*** Data provided ***

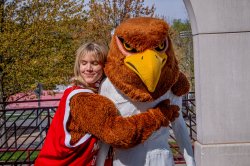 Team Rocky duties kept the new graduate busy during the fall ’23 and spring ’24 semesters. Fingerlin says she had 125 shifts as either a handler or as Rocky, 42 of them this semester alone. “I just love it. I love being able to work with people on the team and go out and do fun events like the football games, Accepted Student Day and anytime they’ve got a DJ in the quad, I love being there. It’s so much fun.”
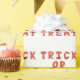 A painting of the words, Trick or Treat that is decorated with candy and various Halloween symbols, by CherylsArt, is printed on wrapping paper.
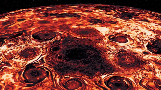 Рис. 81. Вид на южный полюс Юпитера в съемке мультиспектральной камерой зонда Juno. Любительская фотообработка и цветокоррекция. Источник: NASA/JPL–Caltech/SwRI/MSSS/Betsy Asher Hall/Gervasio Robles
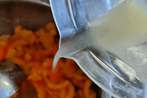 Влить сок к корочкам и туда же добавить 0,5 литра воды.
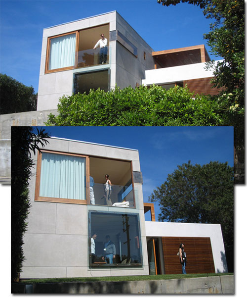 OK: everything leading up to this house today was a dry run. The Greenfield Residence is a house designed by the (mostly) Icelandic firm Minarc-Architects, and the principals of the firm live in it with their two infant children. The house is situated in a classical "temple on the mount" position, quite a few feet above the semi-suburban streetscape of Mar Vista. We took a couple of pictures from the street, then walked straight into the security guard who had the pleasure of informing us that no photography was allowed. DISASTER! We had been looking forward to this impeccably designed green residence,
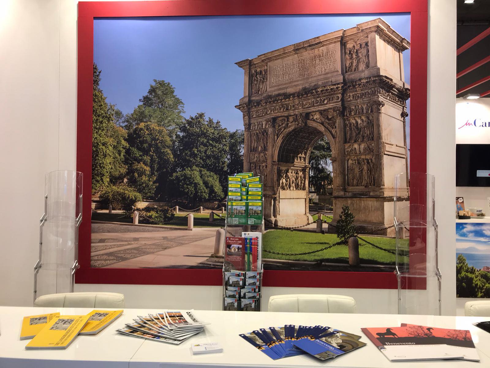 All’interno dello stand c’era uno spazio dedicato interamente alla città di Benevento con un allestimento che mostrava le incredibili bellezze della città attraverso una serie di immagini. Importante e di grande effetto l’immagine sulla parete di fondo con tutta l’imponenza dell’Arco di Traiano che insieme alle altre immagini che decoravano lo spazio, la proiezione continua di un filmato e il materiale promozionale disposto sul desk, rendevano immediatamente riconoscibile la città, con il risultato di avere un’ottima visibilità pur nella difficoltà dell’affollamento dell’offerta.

*** End of Data provided ***
*** Data provided ***

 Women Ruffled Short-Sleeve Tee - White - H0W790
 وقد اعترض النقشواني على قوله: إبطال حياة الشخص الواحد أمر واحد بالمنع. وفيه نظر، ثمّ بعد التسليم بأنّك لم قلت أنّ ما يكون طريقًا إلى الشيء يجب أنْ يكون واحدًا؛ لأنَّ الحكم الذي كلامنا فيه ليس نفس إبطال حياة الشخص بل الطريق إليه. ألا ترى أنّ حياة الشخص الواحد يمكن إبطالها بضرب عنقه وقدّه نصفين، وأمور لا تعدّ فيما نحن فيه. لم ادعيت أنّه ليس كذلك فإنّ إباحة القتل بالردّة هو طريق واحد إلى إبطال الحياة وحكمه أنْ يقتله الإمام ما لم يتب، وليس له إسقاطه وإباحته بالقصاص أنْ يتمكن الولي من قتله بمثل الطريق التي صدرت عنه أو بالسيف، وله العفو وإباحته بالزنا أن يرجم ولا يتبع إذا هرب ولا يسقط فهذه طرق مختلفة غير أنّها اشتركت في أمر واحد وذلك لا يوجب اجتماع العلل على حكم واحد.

*** End of Data provided ***
*** Data provided ***

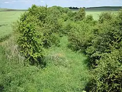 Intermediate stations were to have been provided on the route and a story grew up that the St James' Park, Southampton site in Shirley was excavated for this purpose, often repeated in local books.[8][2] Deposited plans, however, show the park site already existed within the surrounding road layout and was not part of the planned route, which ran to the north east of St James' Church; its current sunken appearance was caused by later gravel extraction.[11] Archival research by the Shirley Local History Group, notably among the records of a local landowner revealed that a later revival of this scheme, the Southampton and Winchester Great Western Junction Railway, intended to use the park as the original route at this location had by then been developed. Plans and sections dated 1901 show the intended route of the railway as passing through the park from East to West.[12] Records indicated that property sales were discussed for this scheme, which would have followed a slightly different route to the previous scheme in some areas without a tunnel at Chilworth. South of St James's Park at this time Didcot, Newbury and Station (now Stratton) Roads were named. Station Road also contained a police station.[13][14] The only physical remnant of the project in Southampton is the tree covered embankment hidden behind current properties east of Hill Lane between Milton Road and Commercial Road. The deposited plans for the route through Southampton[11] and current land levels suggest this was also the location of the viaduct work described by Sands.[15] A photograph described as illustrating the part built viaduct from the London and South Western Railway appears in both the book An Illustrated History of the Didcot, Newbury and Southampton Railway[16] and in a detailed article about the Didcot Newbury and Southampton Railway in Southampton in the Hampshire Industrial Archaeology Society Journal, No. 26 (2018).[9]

*** End of Data provided ***

▶ **What the task asks**:
In the data above, find the line containing "Team Rocky duties" and the line containing "Влить сок к". Repeat those two lines and everything between them exactly, minus the pictures.

▶ **Response**:
 Team Rocky duties kept the new graduate busy during the fall ’23 and spring ’24 semesters. Fingerlin says she had 125 shifts as either a handler or as Rocky, 42 of them this semester alone. “I just love it. I love being able to work with people on the team and go out and do fun events like the football games, Accepted Student Day and anytime they’ve got a DJ in the quad, I love being there. It’s so much fun.”
 A painting of the words, Trick or Treat that is decorated with candy and various Halloween symbols, by CherylsArt, is printed on wrapping paper.
 Рис. 81. Вид на южный полюс Юпитера в съемке мультиспектральной камерой зонда Juno. Любительская фотообработка и цветокоррекция. Источник: NASA/JPL–Caltech/SwRI/MSSS/Betsy Asher Hall/Gervasio Robles
 Влить сок к корочкам и туда же добавить 0,5 литра воды.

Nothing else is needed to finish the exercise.